What to work on —
The following data has a line with "3、做出选择后,直接依据教程开启锻炼。你要记录下每天锻炼的次数以及持续时长。" and a line with "Median age Colombia vs Portugal, 1960-2100". Write out exactly those lines and all the lines between them.

Dataset extract —
=== Section Start ===

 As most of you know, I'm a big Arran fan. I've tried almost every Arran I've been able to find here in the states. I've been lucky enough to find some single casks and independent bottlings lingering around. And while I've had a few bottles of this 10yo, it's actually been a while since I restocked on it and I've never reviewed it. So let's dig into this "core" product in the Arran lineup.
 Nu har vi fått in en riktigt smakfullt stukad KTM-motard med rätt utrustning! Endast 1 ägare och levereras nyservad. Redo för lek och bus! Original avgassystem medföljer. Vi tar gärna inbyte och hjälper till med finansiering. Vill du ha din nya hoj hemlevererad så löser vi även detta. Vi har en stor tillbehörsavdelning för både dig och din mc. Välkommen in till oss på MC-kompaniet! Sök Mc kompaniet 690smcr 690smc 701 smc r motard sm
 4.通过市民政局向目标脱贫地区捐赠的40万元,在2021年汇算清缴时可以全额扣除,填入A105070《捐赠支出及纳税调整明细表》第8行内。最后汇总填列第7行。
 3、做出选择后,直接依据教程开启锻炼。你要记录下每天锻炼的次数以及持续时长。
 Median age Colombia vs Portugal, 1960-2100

=== Section End ===
=== Section Start ===

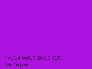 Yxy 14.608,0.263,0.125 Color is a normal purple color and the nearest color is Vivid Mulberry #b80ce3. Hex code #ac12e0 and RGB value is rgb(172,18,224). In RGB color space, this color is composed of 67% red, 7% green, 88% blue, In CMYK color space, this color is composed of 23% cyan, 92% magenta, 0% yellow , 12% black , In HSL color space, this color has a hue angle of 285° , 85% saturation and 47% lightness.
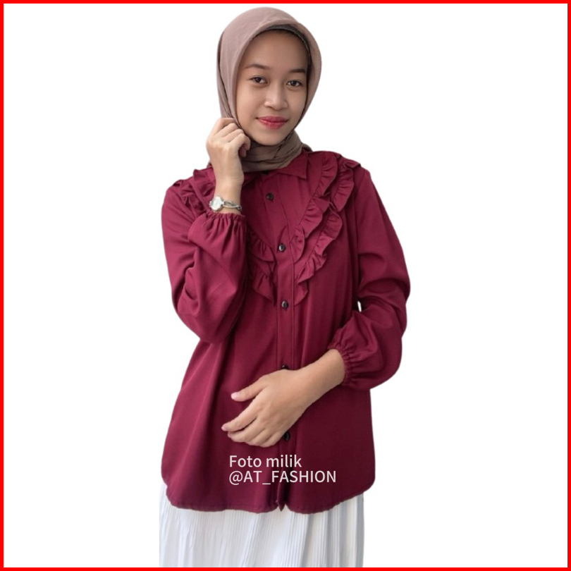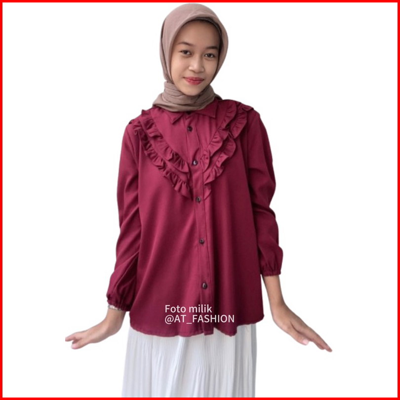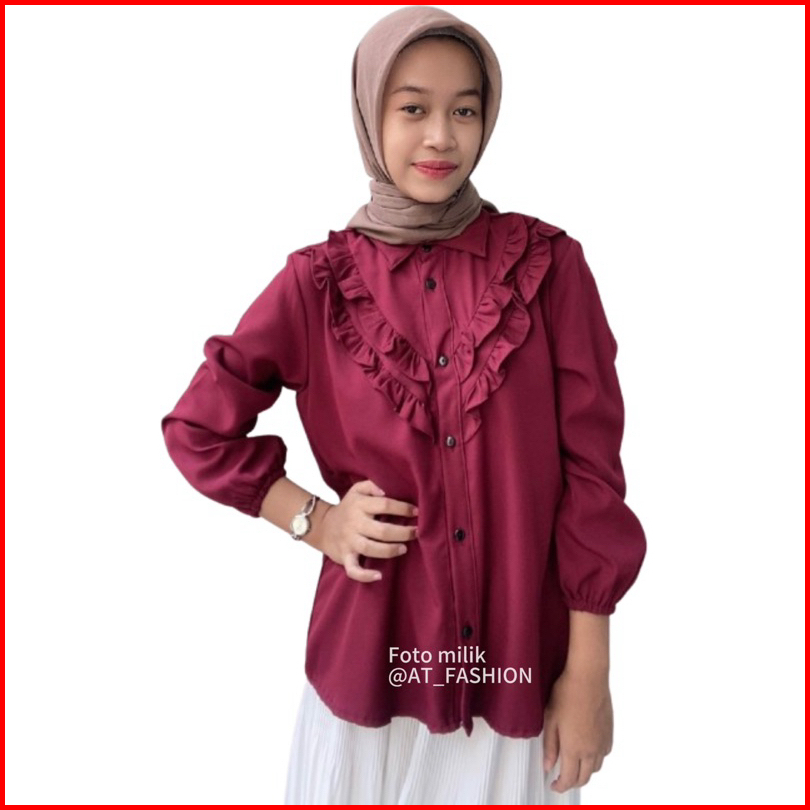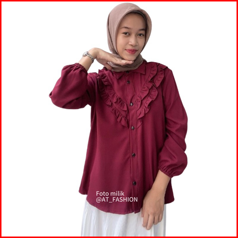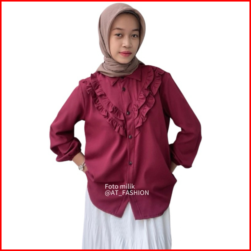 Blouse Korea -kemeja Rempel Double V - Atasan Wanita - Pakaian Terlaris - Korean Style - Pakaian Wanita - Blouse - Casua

=== Section End ===

Answer for this exercise —
 3、做出选择后,直接依据教程开启锻炼。你要记录下每天锻炼的次数以及持续时长。
 Median age Colombia vs Portugal, 1960-2100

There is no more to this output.